O MTA Chair e CEO Janno Lieber classificou a transformação como “uma virada de vida para milhões”, e os dados ecoam a ênfase. O IBX será a primeira linha de trânsito rápido inteiramente nova na cidade desde a abertura da Linha G em 1937, e levará estações inéditas ao Queens pela primeira vez desde 1988, rompendo um jejum de infraestrutura que penalizava precisamente os bairros de maior densidade populacional.

Para um observador brasileiro habituado a projetos de mobilidade que patinam entre o anúncio e a obra, a determinação de Nova York impressiona. Mas o essencial não está na escala financeira, e sim na teimosia de cavar um túnel curto para ganhar confiabilidade operacional, no cuidado de projetar 19 estações que são ao mesmo tempo pontos de conexão e regeneração do espaço público, e na insistência em tratar o transporte como vetor de dignidade e produtividade econômica.

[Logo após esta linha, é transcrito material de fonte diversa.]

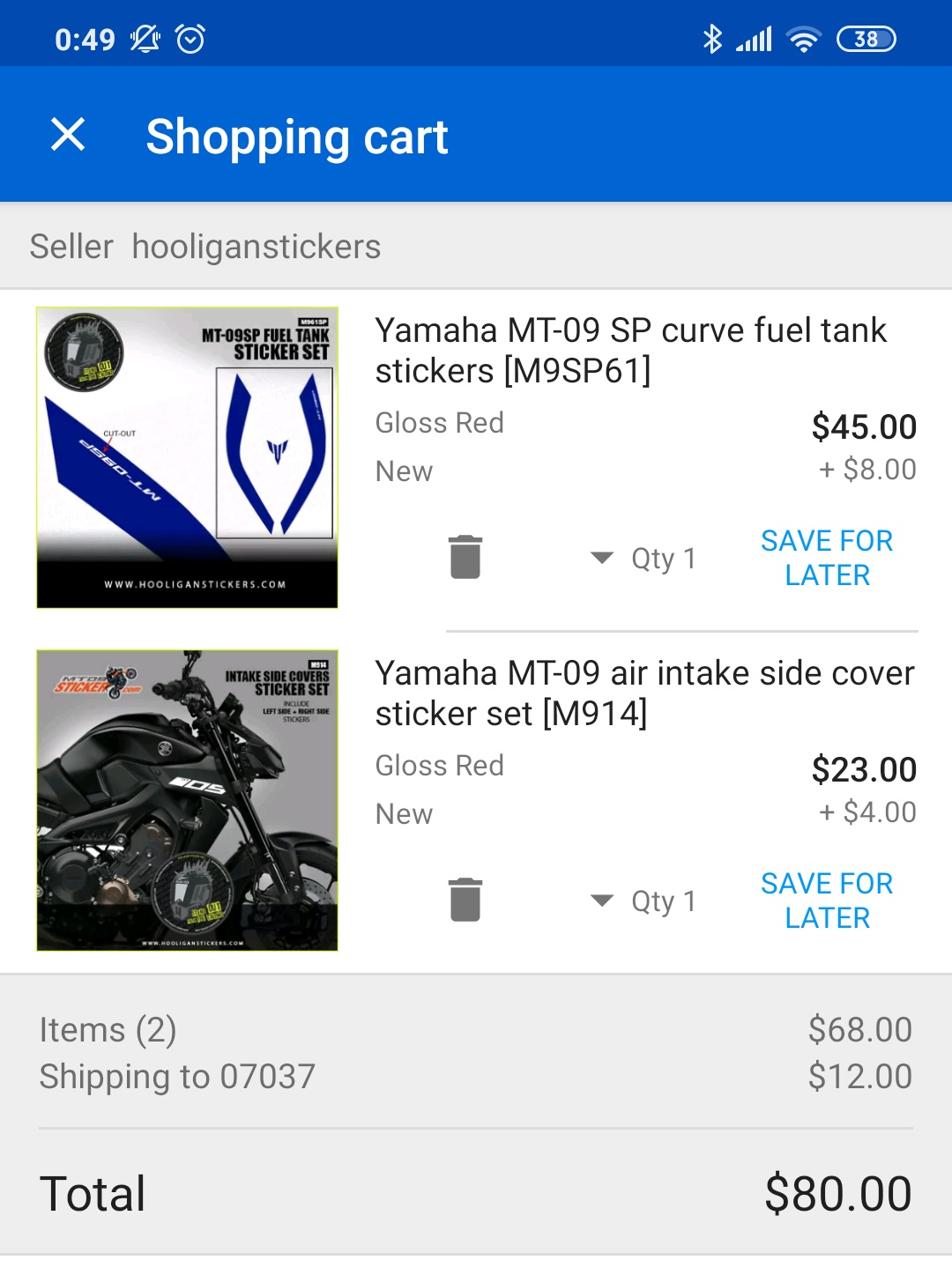 eBay $68.0 / 배송비 $12.0 = $80.0

O renascimento do bonde moderno é um acerto de contas com o século XX. As cidades que hoje reativam trilhos abandonados ou saturados por caminhões não recuam para um passado nostálgico: elas avançam para uma matriz de deslocamento que equilibra demanda de massa, emissões zero e resiliência operacional.

Nova York finca as estacas do futuro enquanto o VLT da Baixada Santista aguarda seu desfecho construtivo e o Carioca amplia sua capilaridade. A geografia da mobilidade inteligente não pertence mais a um único hemisfério, e o trilho leve prova que o caminho entre Brooklyn e Queens passa conceitualmente por Santos, pelo Rio e por cada megalópole que ousar devolver a prioridade ao aço sobre rodas, ao coletivo sobre o isolamento e à engenharia sobre a improvisação.